The primary function of the metrical attributes is to encode the conventional metrical or rhyming structure within which the poet is working, rather than the actual prosodic realization of each line; the latter can be recorded using the real attribute, as further discussed below. A simple mechanism is also provided for recording the actual realization of a rhyme pattern; see .

Sample Metrical Analyses

As a simple example of the use of these attributes, consider the following lines from Pope's Essay on Criticism:

'Tis hard to say, if greater Want of Skill Appear in Writing or in Judging ill; But, of the two, less dang'rous is th'Offence, To tire our Patience, than mis-lead our Sense:

This text is written entirely in heroic couplets; each line is an iambic pentameter (which, using a common notation, can be described with the formula -+|-+|-+|-+|-+/, each - denoting a metrically unstressed syllable, each + a metrically stressed one, each | a foot boundary, and the / a line-end), and the couplets rhyme (which can be represented with the conventional formula aa).

Because both rhyme pattern and metrical form are consistent throughout the poem, they may be conveniently specified on the div element; the values given for the attributes will be inherited by any metrical unit contained within the div elements of this poem, and must be interpreted in the appropriate way.

Since the notation used in the met, real, and rhyme attributes is user-defined, no binding description can be given of its details or of how its interpretation must proceed. (A default notation is provided for the rhyme attribute, which however the encoder can replace with another; see section .) It is expected, however, that software should be able to support these attributes in useful ways; the more intelligent the software is, and the more knowledge of metrics is built into it, the better it will be able to support these attributes. In the extract given above, for example, the met and rhyme attribute values specified on the div element are inherited directly by the lg elements nested within it. Since the met value specifies the metrical form of a single verse line, the structure of the lg as a whole is understood to involve as many repetitions of the pattern as there are lines in the verse paragraph. The same attribute value, when inherited in turn by the l element, must be understood not to repeat. With sufficiently sophisticated software, segments within the line might even be understood as inheriting precisely that portion of the formula which applies to the segment in question; this will, however, be easier to accomplish for some languages than for others.

The rhyme attribute in this example uses the default notation to specify a rhyme scheme applicable only to pairs of lines. As elsewhere, the default notation for the rhyme attribute has no meaning for metrical units at the line level or below. In verse forms where line-internal rhyme is structurally significant, e.g. in some skaldic poetry, the default notation is incapable of expressing the required information, since the rhyme pattern may need to be specified for units smaller than the line.
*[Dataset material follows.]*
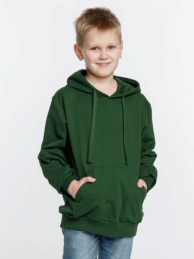 Легкое детское худи с карманом-кенгуру. Выполнено из высококачественного полотна, которое прошло активное крашение, предварительную термоусадку и обработку энзимами.

In such cases, a user-specified rhyme notation must be substituted for the default notation, or else the rhyme pattern must be described using some alternative method (e.g. by using the link mechanism described below).

The precise semantics of the met attribute and the inferences which software is expected or able to draw from it, are implementation-dependent; so are the semantics and processing of the rhyme attribute, when user-specified notations are used.

A formal definition of the significance of each component of the pattern given as the value of the met attribute may be provided in the metDecl element within the encodingDesc element in the TEI header (see section ). The encoder is free to invent any notation appropriate to his or her analytic needs, provided that it is adequately documented in this element. The notation may define metrical components using invented or traditional names (such as iamb or hexameter) or in terms of basic units such as codes for stressed or unstressed syllables, or a combination of the two.

The real (for realization) attribute may optionally be specified to indicate any deviation from the pattern defined by the met attribute which the encoder wishes to record. By default, the real attribute has the same value as the met attribute on the same element; it is only necessary to provide an explicit value when the realization differs in some way from the abstract metrical pattern. The tension between conventional metrical pattern and its realization may thus be recorded explicitly. For example, many readers of the above passage would stress the word But at the beginning of the third line rather than the word of following it, as the metrical pattern would normally require. This variation might be encoded as follows: But, of the two, ...

Where the real attribute is used to over-ride the default or conventional metrical pattern, it applies only to the element on which it is specified. The default pattern for any subsequent lines is unaffected.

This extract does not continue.